Acquisition and reconstruction are managed via proprietary MPI Studio software, built on a modular C++/Python framework compliant with DICOM-SR (Structured Reporting) extensions for MPI-specific metadata. Reconstruction algorithms include iterative MLEM and compressed sensing-enhanced variants, supporting GPU-accelerated processing on NVIDIA A100-class hardware. Quantitative analysis modules provide voxel-wise SPIO concentration maps, time-intensity curve fitting (e.g., for vascular permeability modeling), and co-registration tools for multimodal fusion (e.g., with MRI or optical imaging datasets). Raw k-space data export (HDF5 format) ensures full reproducibility and third-party algorithm integration. All software updates undergo version-controlled release cycles with documented change logs traceable to ISO/IEC 17025-aligned validation protocols.

Applications

• Longitudinal stem cell tracking in regenerative medicine (≥3-month persistence studies)
• Quantitative immune cell trafficking in tumor microenvironment and lymphoid organs
• Real-time monitoring of targeted nanocarrier biodistribution and clearance kinetics
• Vascular perfusion mapping in ischemic stroke or myocardial infarction models
• Image-guided magnetic hyperthermia: spatially resolved thermal dose calculation coupled with real-time MPI thermometry
• Preclinical evaluation of novel SPIO-based theranostics under USP & Ph. Eur. nanoparticle characterization guidelines
• Supporting NIH-funded translational MPI development programs (e.g., NIBIB R01 grants)

FAQ

Is the Hyper system compatible with existing SPIO tracers used in human clinical practice?
Yes—fully compatible with FDA-approved SPIO agents including Ferumoxytol and Ferucarbotran, eliminating the need for tracer requalification in early-phase clinical translation.
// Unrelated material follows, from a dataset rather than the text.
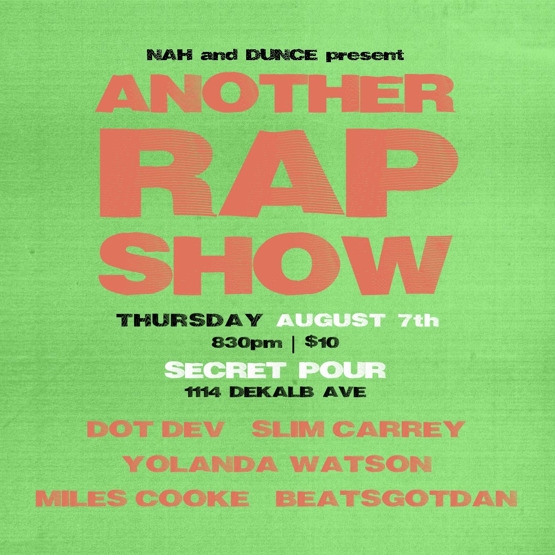 Let’s start with the most immediate (like, tomorrow or tonight immediate): Another Rap Show #13 on Thursday August 7th at Secret Pour in Brooklyn featuring Dot Dev, Slim Carrey, miles cooke, Yolanda Watson, and Beatsgotdan. If you’re in NYC, this lineup is one you definitely do not want to miss. It’s wild to think it’s been almost two years since our first show in September 2023—if you haven’t been to one of these yet, now would be a good time to start coming.
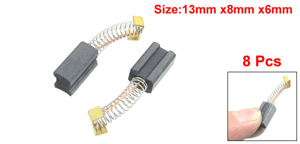 Product Name Motor Carbon Brush Fitness Generic Electric Motor Carbon Brush Size (Approx) 13 x 8 x 6mm / 33/64" x 5/16" x 15/64"(L * W * H) Total Length(Approx) 3cm/ 1.18“ Net Weight 12g Package Content 8 Pcs x Motor Carbon Brush - Reviews

Can MPI data be exported for third-party analysis or regulatory submission?
Yes—raw k-space data, reconstructed volumes (NIfTI/DICOM), and comprehensive acquisition metadata are exportable in open, non-proprietary formats compliant with FAIR data principles.

What regulatory pathway does this system support for future clinical adoption?
The Hyper platform was developed in alignment with ASTM F3081 (Standard Guide for Preclinical Evaluation of MPI Systems) and contributes technical evidence toward ISO/IEC 82304-2 (Health Software—Part 2: Safety, Security, and Privacy Requirements) readiness.